THE PRECAMBRIAN ROCKS OF SOUTHERN FINLAND … Finland bedrock_ENG_062011_100dpiS.pdf · PRECAMBRIAN ROCKS OF SOUTHERN FINLAND & ESTONIA 3 The bedrock of southwestern Finland By looking

Four aspects of relevance: content, time, location and network Pasi Fränti, Jinhua Chen and Andrei Tabarcea.

IMIA Conference 1995 – Helsinki, Finland · IMIA Conference 1995 – Helsinki, Finland. IMIA Conference 1995 – Helsinki, Finland. IMIA Conference 1995 – Helsinki, Finland. de

CIS - measuring user innovation in Finland - Statistics Finland

a nsä - Tunturisuunnistustunturisuunnistus.fi/2014/wp-content/uploads/sites/... · Friman Kaisa, HyRa x 1 Friman Sami, HyRa x 2 Fränti Arto x 2 Fränti Juha x 3 Fränti Kati x 1

SUOMI/FINLAND (FINLAND) - Trusted List ID ...

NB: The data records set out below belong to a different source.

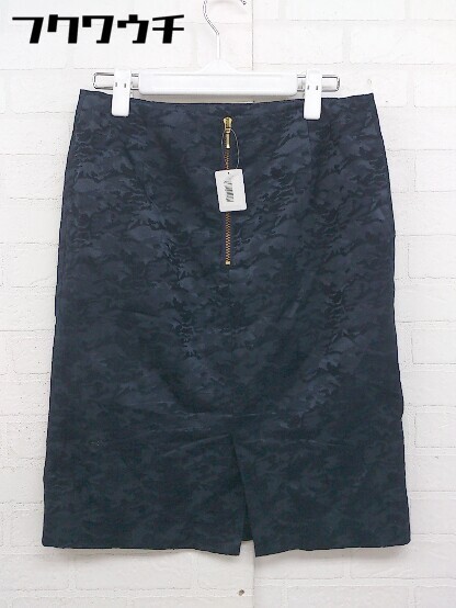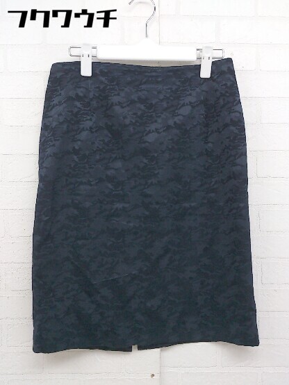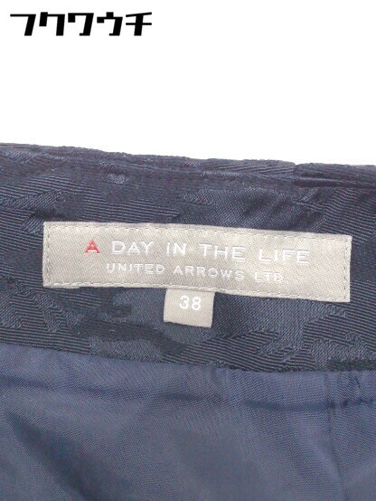 ◇ A day in the life UNITED ARROWS 総柄 膝丈 台形 スカート サイズ38 ネイビー レディース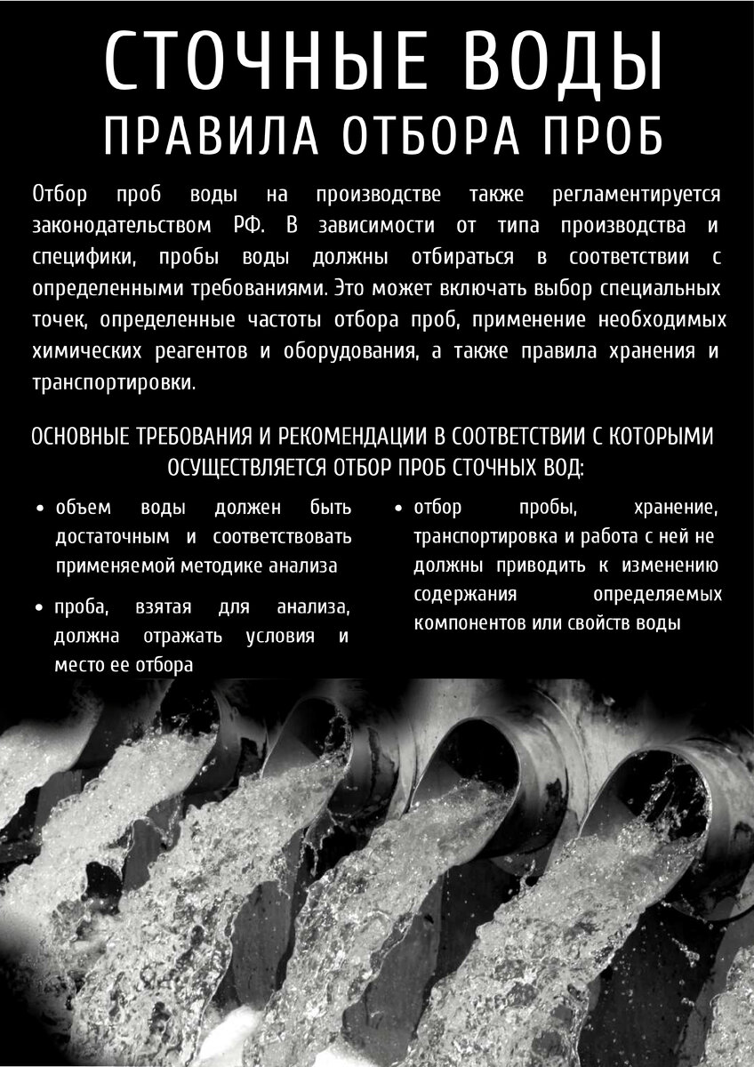 👨🔬Хотите узнать, как происходит отбор проб сточных вод? Мы подготовили для вас 2 часть статьи, которая знакомит Вас с удивительным миром Испытательной лаборатории. Узнайте, к почему отбор проб является неотъемлемой частью оценки качества водосборов и как правильно он проводится. Готовы узнать больше? Читайте нашу статью прямо сейчас!🌊 Совсем скоро рассмотрим отбор проб почвы и отходов.😉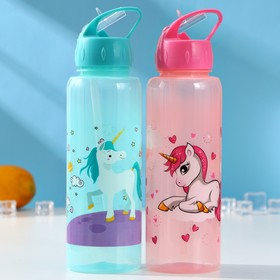 Бутылка для воды «Единороги», с трубочкой, 850 мл, МИКС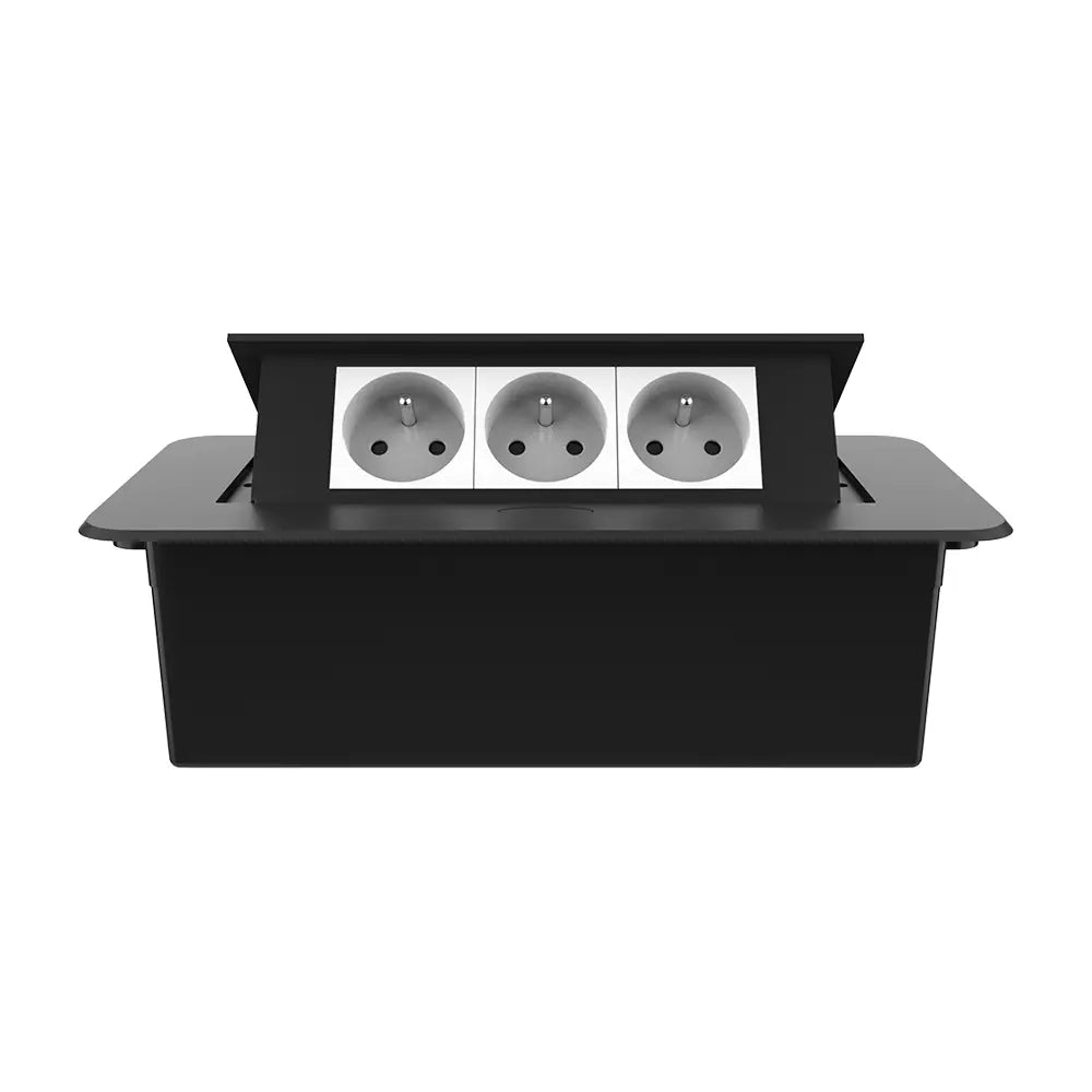 Este enchufe emergente incorporado está diseñado para fusionarse perfectamente con cada interior moderno. Ya sea en su cocina, en su escritorio o en una sala de reuniones, el elegante acabado y el diseño sutil convierten en una toma en una elegante adición a cada habitación. No más cables sueltos, sin desastre, solo paz y descripción general.
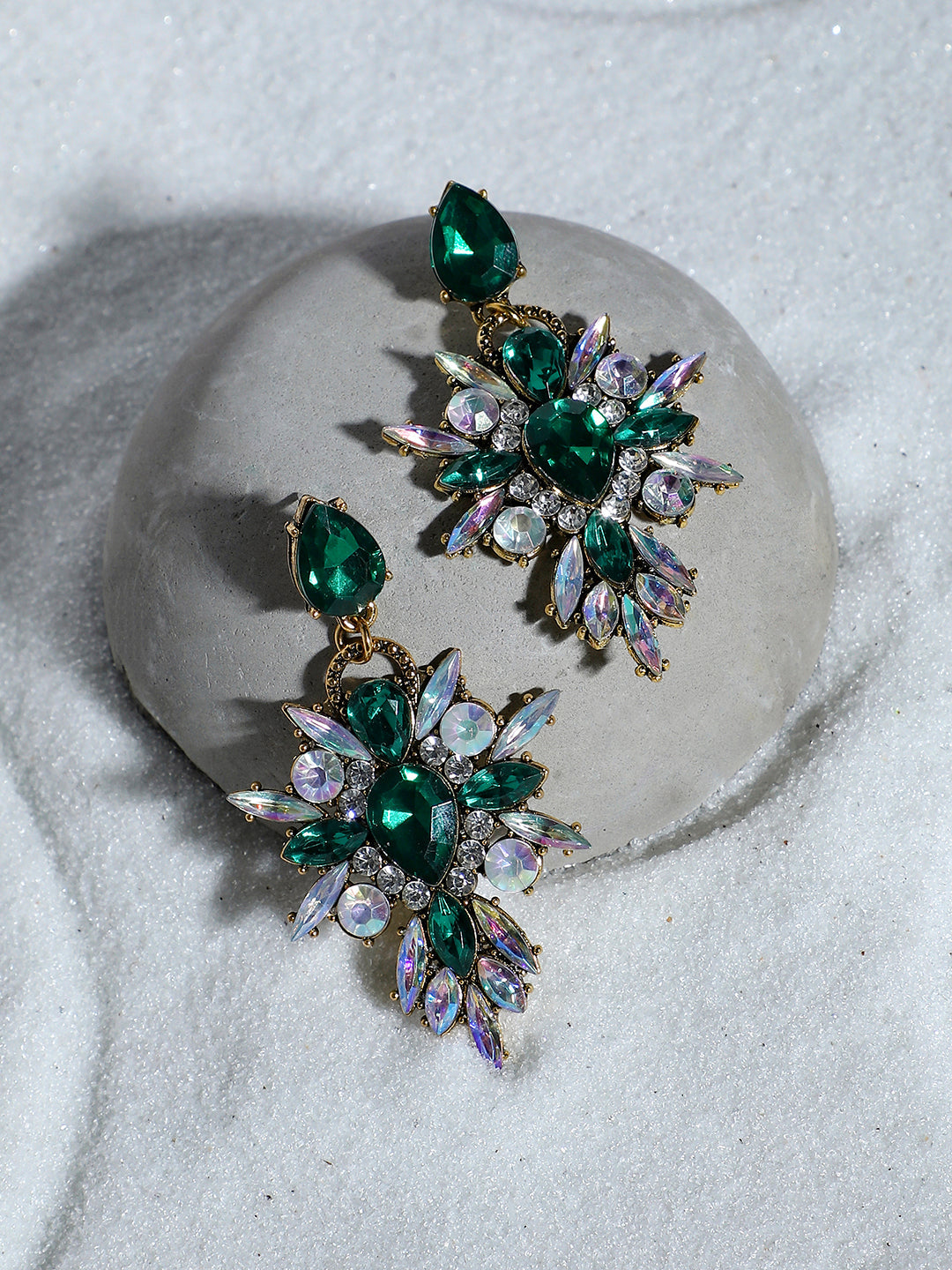 Gold-Plated Crystal Studded Contemporary Drop Earrings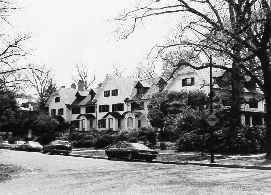 The Roland Park Historic District is a planned residential neighborhood in northwest Baltimore. Located north of the intersection of University Parkway and Stony Run, and south of West Lake Avenue, it contains 1,068 structures. The architecture of the district typifies the romantic tastes of the turn of the 20th century, with many examples of the Queen Anne, English Tudor, Georgian, and Shingle Styles. A shopping center, one of the first in the country, was included as part of the plan. Located on the west side of Roland Avenue just north of Upland Road, the principal façade was executed in an English Tudor style often repeated in residential construction. The ridge of the roof, which parallels Roland Avenue, is broken at either end by a two-story cross gable with a gambrel shape. In between, seven dormers (three on the second floor and four at the third) project from the roof. The stuccoed ends of the roof curve down from the chimneys in a manner associated with Jacobean architecture. The Roland Park Country Day School and the Baltimore Country Club are landscaped following the overall pattern, and contribute to the character of the District. While the structures within Roland Park are of great importance in the creation of its atmosphere, it is indeed the setting which occupied the minds of its planners, Olmsted, Kessler, and Couton. The preservation of the natural terrain and vegetation, the parklike setting, the wooded paths and streets which wind uphill and down, all contribute to the uniqueness of this splendid garden suburb.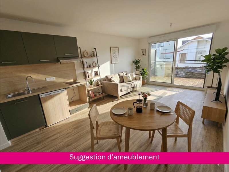 Bel Appartement T1 de 39,26 m² situé dans un immeuble récent avec ascenseur qui se compose d'une pièce de vie, d'une cuisine aménagée équipée (plaques de cuisson, hotte et frigo top), d'une salle d'eau et WC séparé....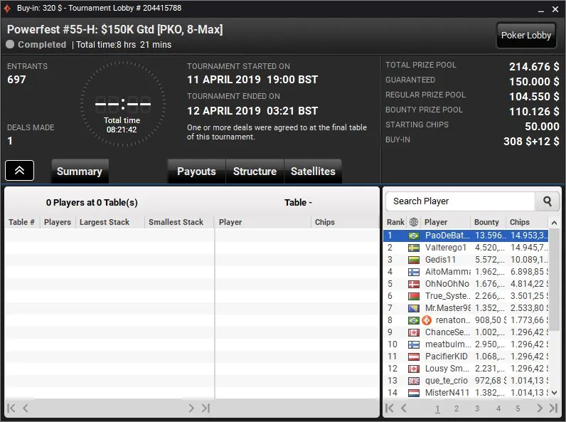 O segundo título do dia veio no Powerfest #58-H: $50K Gtd [PKO, Fast, 8-Max], torneio onde o brasileiro "Neecoooo" despachou 639 adversários para subir ao topo do pódio e engordar seu bankroll com US$ 11.749.

Cleantech Finland - Пресс-конференция Cleantech Finland, Москва 2013

Unsere Reise nach Wien 31.3.2014 bis 6.4.2014

Valmetin osavuosikatsaus 1.1. · Valmetin osavuosikatsaus 1.1.–31.3.2014 Toimintaympäristö parantunut jokseenkin vuoden 2014 ensimmäisen vuosineljänneksen aikana Asiakasaktiviteetti

BIM penetration in Finland · FINLAND BIM in Finland today TOMI HENTTINEN M.Sc. (Archit.) SAFA Gravicon Oy, CEO buildingSMART Finland, Chair

Results for Quarter and year ended 31.3.2014 - Forbesforbes.co.in/Files/20140529114609ResultsforQuarterandyearended31.3... · PART g - Statement of Standalone BSE ... 8,555 1,273

Design & Analysis of Algorithms Combinatory optimization SCHOOL OF COMPUTING Pasi Fränti 20.10.2014.

Team Finland ja Business Finland

Randomized Algorithms Pasi Fränti 1.10.2014. Treasure island Treasure worth 20.000 awaits 5000 DAA expedition 5000 ? ? Map for sale: 3000.

Cluster validation Pasi Fränti Clustering methods: Part 3 Speech and Image Processing Unit School of Computing University of Eastern Finland 15.4.2014.